WHAT YOU ARE ASKED TO DO:
Only one stretch of the data below is needed: the line with "Slip into comfort" through the last line. Output it exactly and drop the pictures.

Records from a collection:
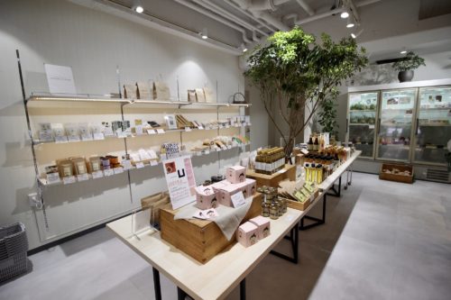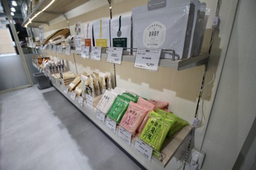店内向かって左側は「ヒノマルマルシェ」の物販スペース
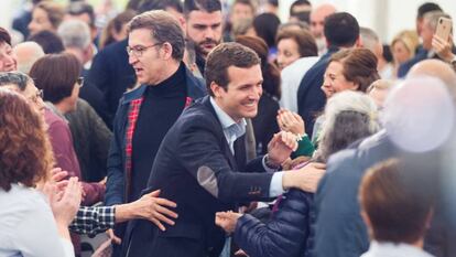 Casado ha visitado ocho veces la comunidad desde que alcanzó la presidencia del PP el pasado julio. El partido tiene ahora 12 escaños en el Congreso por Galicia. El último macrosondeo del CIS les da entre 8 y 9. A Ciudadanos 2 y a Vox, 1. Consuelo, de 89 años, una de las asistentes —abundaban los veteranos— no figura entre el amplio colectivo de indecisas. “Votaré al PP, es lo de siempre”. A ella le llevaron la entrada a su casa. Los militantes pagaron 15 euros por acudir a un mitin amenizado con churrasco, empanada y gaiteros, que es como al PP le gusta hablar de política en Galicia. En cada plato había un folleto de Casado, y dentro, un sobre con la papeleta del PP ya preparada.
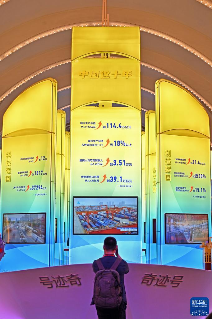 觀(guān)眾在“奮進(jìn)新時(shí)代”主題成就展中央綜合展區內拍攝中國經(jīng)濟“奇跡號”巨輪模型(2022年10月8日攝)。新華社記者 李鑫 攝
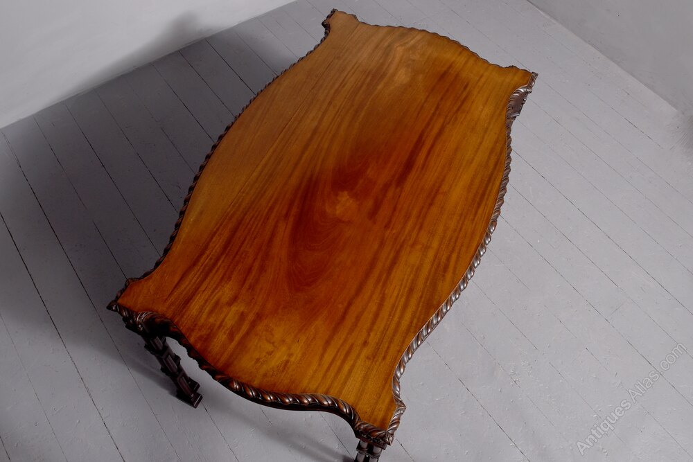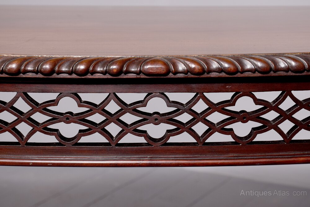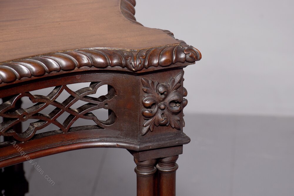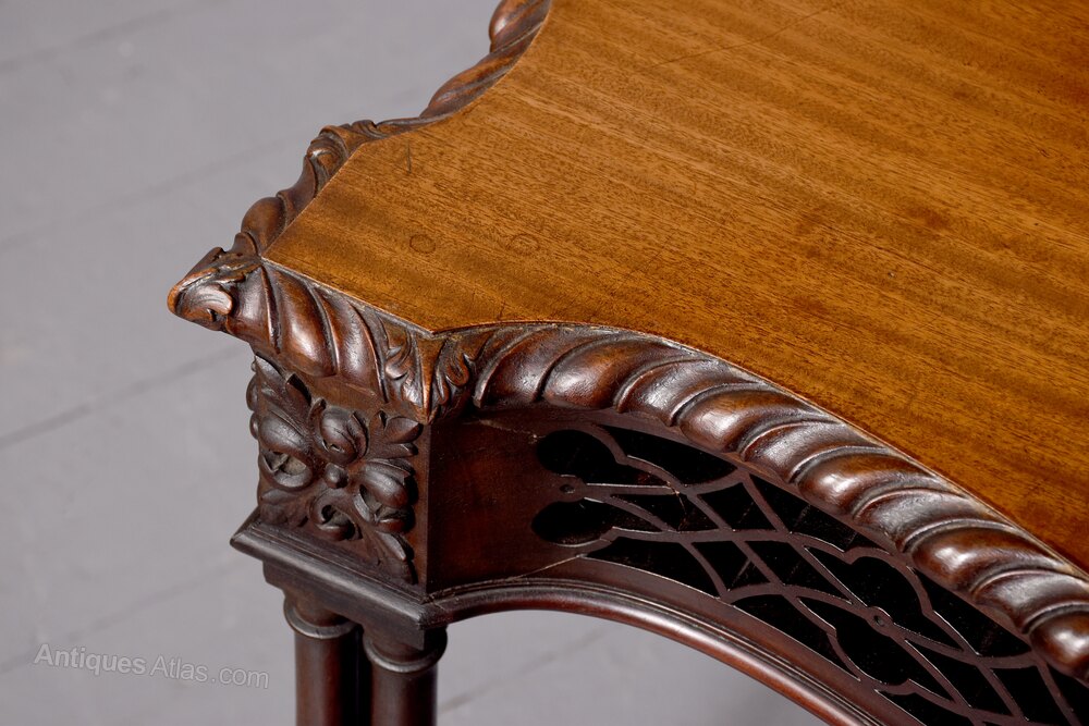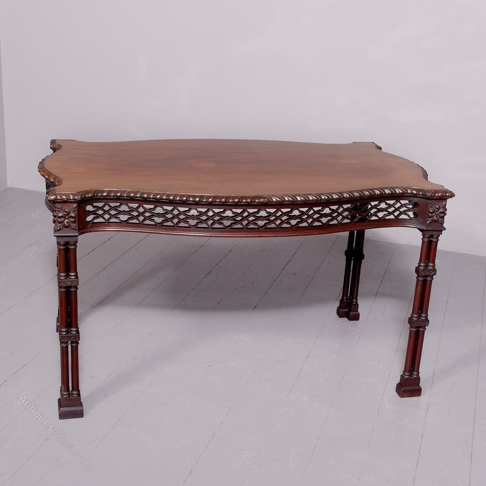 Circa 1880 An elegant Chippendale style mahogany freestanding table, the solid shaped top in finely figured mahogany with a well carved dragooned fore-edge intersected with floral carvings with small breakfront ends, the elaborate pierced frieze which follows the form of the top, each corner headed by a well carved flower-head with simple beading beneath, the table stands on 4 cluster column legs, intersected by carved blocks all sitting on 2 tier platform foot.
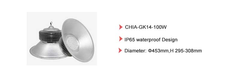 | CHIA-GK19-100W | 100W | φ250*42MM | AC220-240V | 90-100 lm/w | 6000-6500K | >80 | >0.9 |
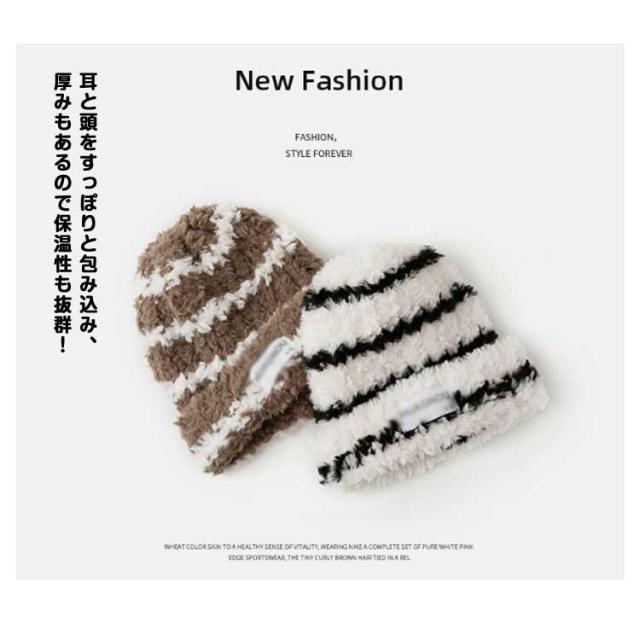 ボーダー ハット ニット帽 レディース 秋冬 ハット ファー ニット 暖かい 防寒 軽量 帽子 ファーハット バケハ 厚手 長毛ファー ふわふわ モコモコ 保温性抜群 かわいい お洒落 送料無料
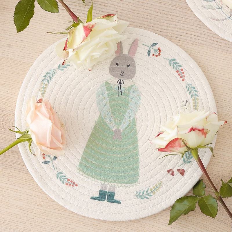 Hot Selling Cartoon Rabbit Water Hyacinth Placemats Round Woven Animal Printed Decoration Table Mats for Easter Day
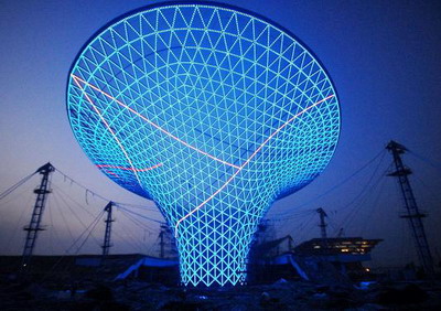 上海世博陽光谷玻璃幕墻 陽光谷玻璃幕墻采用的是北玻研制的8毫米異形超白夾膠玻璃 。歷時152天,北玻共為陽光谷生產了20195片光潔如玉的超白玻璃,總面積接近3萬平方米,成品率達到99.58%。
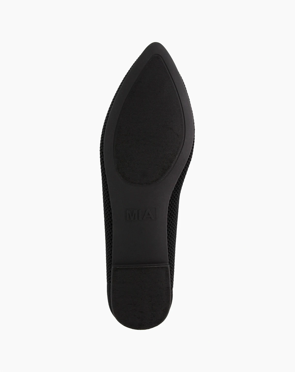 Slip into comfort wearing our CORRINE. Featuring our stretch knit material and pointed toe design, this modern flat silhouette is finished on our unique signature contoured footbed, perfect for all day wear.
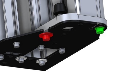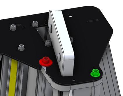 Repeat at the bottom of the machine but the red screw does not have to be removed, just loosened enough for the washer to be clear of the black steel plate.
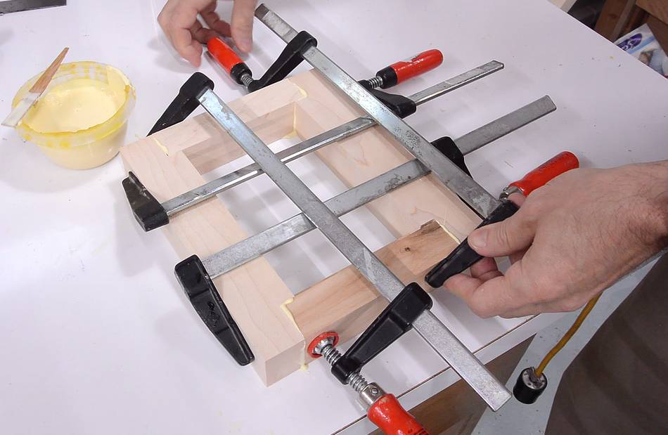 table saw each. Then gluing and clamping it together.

ANSWER TO THE EXERCISE:
 Slip into comfort wearing our CORRINE. Featuring our stretch knit material and pointed toe design, this modern flat silhouette is finished on our unique signature contoured footbed, perfect for all day wear.
 Repeat at the bottom of the machine but the red screw does not have to be removed, just loosened enough for the washer to be clear of the black steel plate.
 table saw each. Then gluing and clamping it together.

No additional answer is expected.